The maturing of the internet has enabled a new business model for the software industry: Software-as-a-Service, or SaaS refers to the practice of deploying software over the Web, rather than through an on-premises server installation. Salesforce.com is one of the most well known examples of a software business that is run completely on a SaaS basis.
There are many potential business benefits to SaaS, most oriented around reducing the time and expense of running common business applications. Software updates can be disseminated instantly through SaaS, versus a slow and often costly deployment for on-premises software. In pure financial terms, it may be more attractive to pay a yearly per-user rental fee for a SaaS product than to make the large investment in server licenses and the associated overhead of maintaining the software on-premises.
Getting SaaS to work involves being able to match the desired functionality of SaaS services with ever-shifting enterprise IT requirements. Hitting this moving target and reaping the financial and agility benefits of SaaS presents some challenges, though. SaaS services should be considered Enterprise Services, even if they are delivered from remote third parties. Their use needs to be governed across their service lifecycle stages of plan, build, and run, regardless of where they are actually developed or hosted.
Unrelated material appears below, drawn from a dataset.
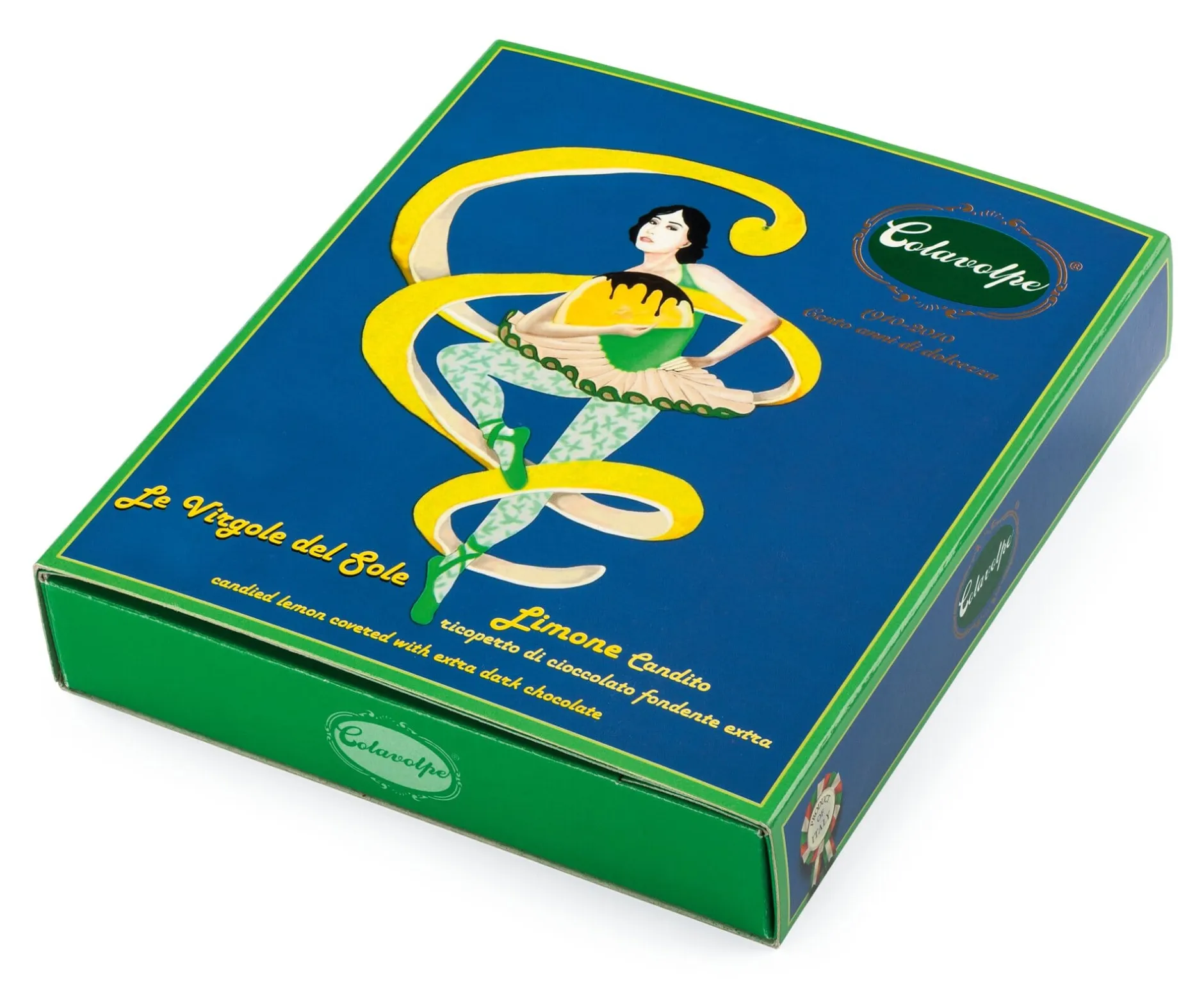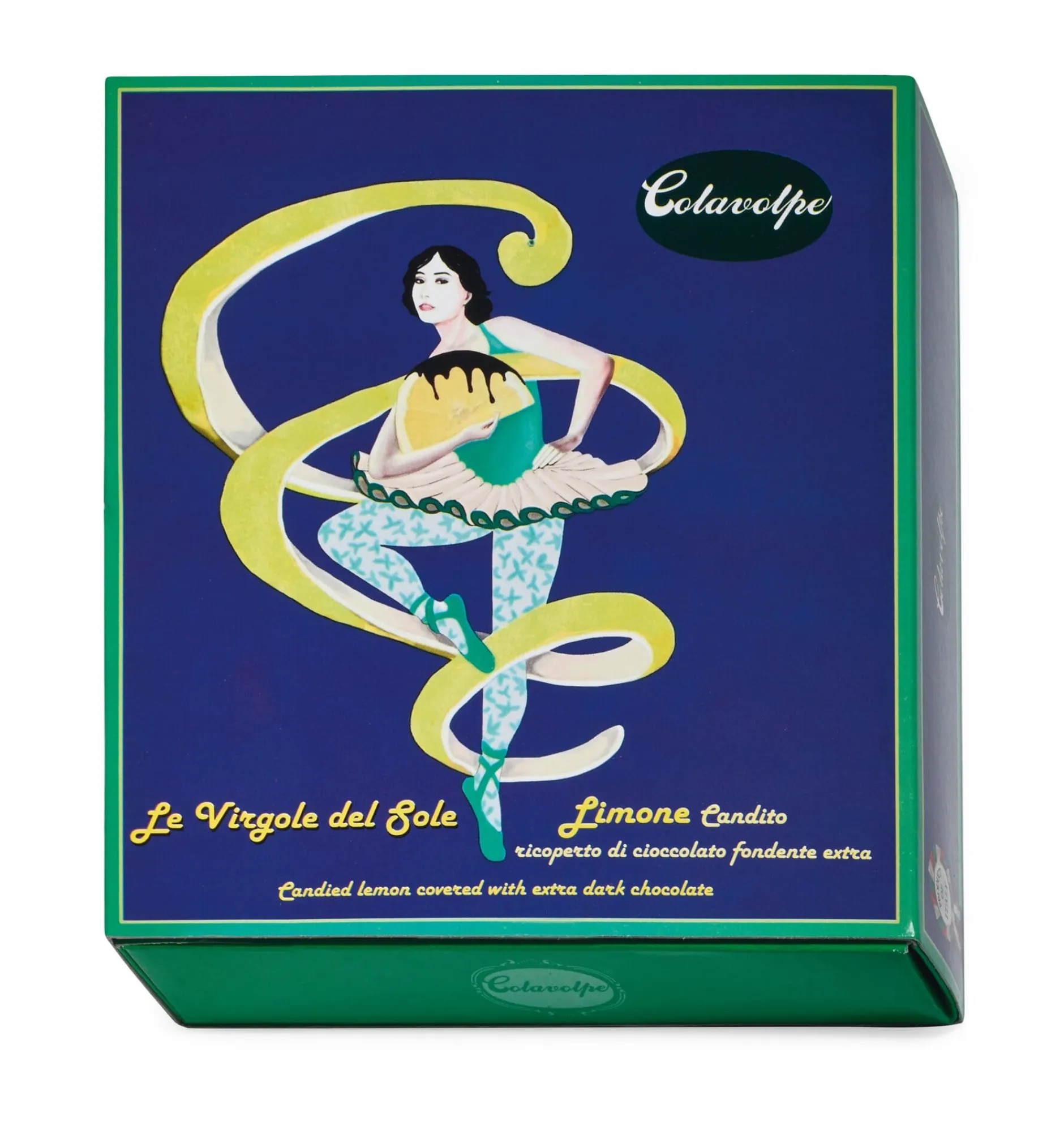 Colavolpe aus der kalabrischen Provinz Cosenza begann seinen Betrieb 1910 mit der Verarbeitung von Feigen, er versteht sich aber auch bestens auf die Herstellung kandierter Früchte in Schokolade. Von bemerkenswertem Wohlgeschmack sind seine mit 72-prozentiger, intensiver Bitterschokolade umhüllten Orangen- und Zitronenschalen-„Filets“. Die fingerlangen Stücke, die – bei Colavolpe selbstverständlich – von Früchten aus italienischer Landwirtschaft stammen, haben einen angenehm weichen Biss, und ihre fruchtigen ätherischen Öle harmonieren bestens mit den dunklen Kakaoaromen der sie umhüllenden Schokolade.

Their remoteness just makes the SOA Governance issues all the more relevant.
For example, enterprise IT requirements might call for an ERP application to invoke a service that will provide contact information for customers. The service could either be on-premises, or SAAS. The choice to use the SAAS service could be validated, or questioned, through the use of an SOA Governance solution that worked across the service lifecycle. Planners should use a planning governance solution to review the service inventory and the roadmap of planned services to determine whether it was beneficial to use a SAAS service or a service that already existed, or was about to be created.
Once you have decided to use SaaS services, development governance will provide a searchable catalog of available providers that potential consumers can use to find authorized SaaS providers. Development governance provides a workflow process where authorized approvers can grant or deny request for consumer applications to consume SaaS services. An upshot of this process is the ability to map and manage service consumer/provider relationships, which in turn enables the analysis of the impact of changes on applications and infrastructure.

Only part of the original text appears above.